Gareth Wood, a British artist known as Fuller, has drawn a map of Beijing as a work of art. Based on the layout of the roads and streets, the details he has included reflect his understanding and experience of the city rather than its geographical reality. Fuller’s art begins with the question “What makes a place?” To answer it, he dedicates perhaps months to exploring it on foot, wandering through every street and noting down his experiences. “I discover systems and gather countless stories. There is romance, tragedy and comedy. Desires, secrets and facts”. These he weaves into his drawings, which, if you look closely, you will see are more a narrative than a geographical depiction of a place.
For example, his drawing of London, which he calls “a love letter to the city”, relates the changing structures that took place in the city between 2005 and 2015, and while based on London’s landmarks, is more a revelation of the artist’s personal relationship with the places.

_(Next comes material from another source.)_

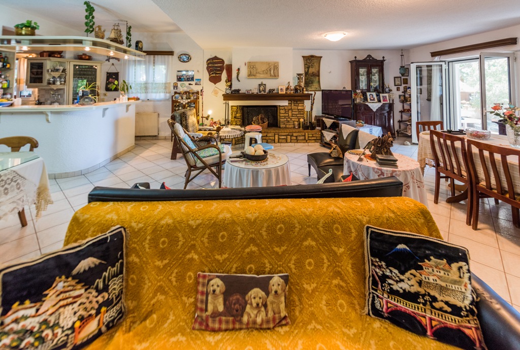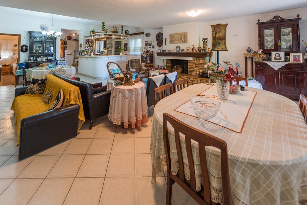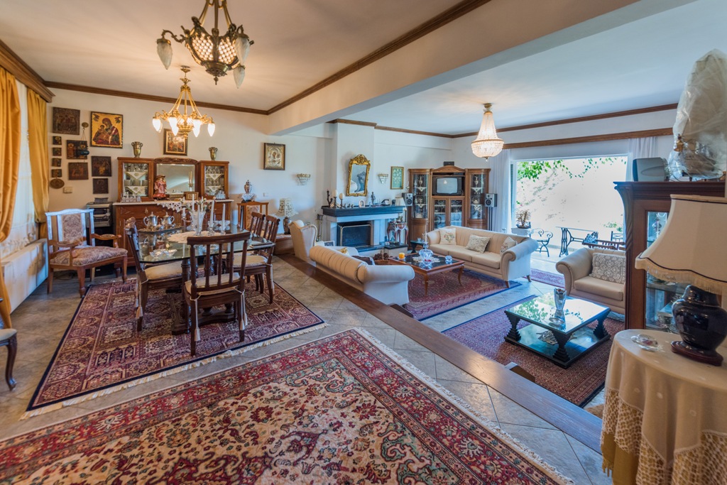 Στο πρώτο επίπεδο εμβαδού 122,90 τμ., βρίσκεται ένα ευρύχωρο, φωτεινό σαλόνι με τζάκι, επενδεδυμένο με μάρμαρο Διονύσου και τραπεζαρία, άνετη κουζίνα, εργονομικά σχεδιασμένη και απόλυτα λειτουργική καθώς διαθέτει στην προέκτασή της και ένα μικρότερο αλλά ιδιαίτερα χρήσιμο χώρο βοηθητικής κουζίνας για την προετοιμασία των γευμάτων. Το σκεπαστό μπαλκόνι σε συνέχεια του σαλονιού, εμβαδού 15,00 τμ. έχει καταπληκτική θέα στη θάλασσα και τα μικρασιατικά παράλια.

In an equally ambitious project, currently exhibited in Art Beijing, is his map of the Chinese capital, which took Fuller months to walk around, covering more than 1300 kilometres to record his observations. Less personal than his map of London, the drawing of Beijing includes details that describe events taking place in the city, for example, his awareness that it is attempting to become a technological hub, and the constant allusions to China’s global project “One Belt, One Road”, which plans to link the country with 60 others around the world through the construction of infrastructure and transportation and energy systems. This project is most obviously referenced at the centre of his drawing of the Forbidden City with its depiction of a high-speed train and a container ship.
Stimulated by his love affair with the city, which began in 2014, he started work on Beijing a year ago when he circumnavigated the city around the 6th Ring Road. He then started making forays into the centre to record the geographic layout of the city while researching topics that shape the past, present and future Beijing, an example of which is a network of traditional canals that he portrays flowing with binary code, symbolising data being shared in a smart city.
Measuring 1.2 x 1.5 metres, and with a version printed in gold, the print of Beijing will certainly give viewers hours of fascination.